Hi all,
I have read through the many posts on why you should not buy residential properties through a profitable limited company:
However I ask you to consider the following scenario and offer your words of experience and advice:
we have a profitable limited company running for the last couple of years and are thankfully in a position to have a healthy cash balance at the year end
We have just went sale agreed on a group of 4 properties (residential buy to let) at a significant market discount due to the fact sellers needed quick sales coupled with another being a bank ridding one of them of its books.
The cost of the 4 properties has totalled €149,999
We are mortage free on our own home at this time thankfully.
However we have been turned down for a mortage despite a strong savings record and offer to put a hold on our accounts up / freeze the amount we will borrow until the mortage is paid off.
The company is less than 3 years old was the reason for this- whilst the bank were really apologetic and understand we have enough to buy them, the reason for us doing so was to offset mortage relief.

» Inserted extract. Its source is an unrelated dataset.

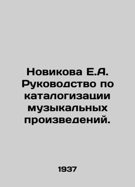 Novikova E.A. Guide to cataloguing musical works. In Russian /Novikova E.A. Rukovodstvo po katalogizatsii muzykalnykh proizvedeniy. Under the general editorship of A.S. Havenson. M. SOTSECGIZ. 1937. 92 s. We have thousands of titles and often several copies of each title may be available. Please feel free to contact us for a detailed description of the copies available. SKUalb6356fbc54aeb0842.

Anyway- the only really different point here I will add is:
As I am 32 and my partner is 28, we have sought professional advice and have been advised to form a holding company and buy the properties through the company and then move them into the holding company immediately.
As most of our business is done overseas, it is very feasible for us to be out of the country for 6+ months at a time- we had chosen to locate to Ireland as a lower cost of set up for us etc
As a non resident for 3 years, we are legally able to avoid CGT on the disposal of the properties / or the company being liquidated and we would expect to do this when I am 40 or thereabouts.
There is also the CGT exemption we could take advantage of now from buying up until end of 2014.
We have done the figures including rental, expenditure, usc, landlord/letting reg charges and insurance etc and still come out with a yield of 5% after everything....this is based on the lowest rent i could possible allow and 11 months rental per annum. (used the tables on the previous threads)
Compared to the bank where we currently lose money on deposit...
I know this is a very similar argument to other peoples scenarios posted but I hope with the twist of the long term plan of 8 years time everything being liquidated will encourage some interesting responses from someone some more experienced than ourselves!
Thank you and i look forward to hearing your responses
Tonster01
I have read through the many posts on why you should not buy residential properties through a profitable limited company:
However I ask you to consider the following scenario and offer your words of experience and advice:
we have a profitable limited company running for the last couple of years and are thankfully in a position to have a healthy cash balance at the year end
We have just went sale agreed on a group of 4 properties (residential buy to let) at a significant market discount due to the fact sellers needed quick sales coupled with another being a bank ridding one of them of its books.
The cost of the 4 properties has totalled €149,999
We are mortage free on our own home at this time thankfully.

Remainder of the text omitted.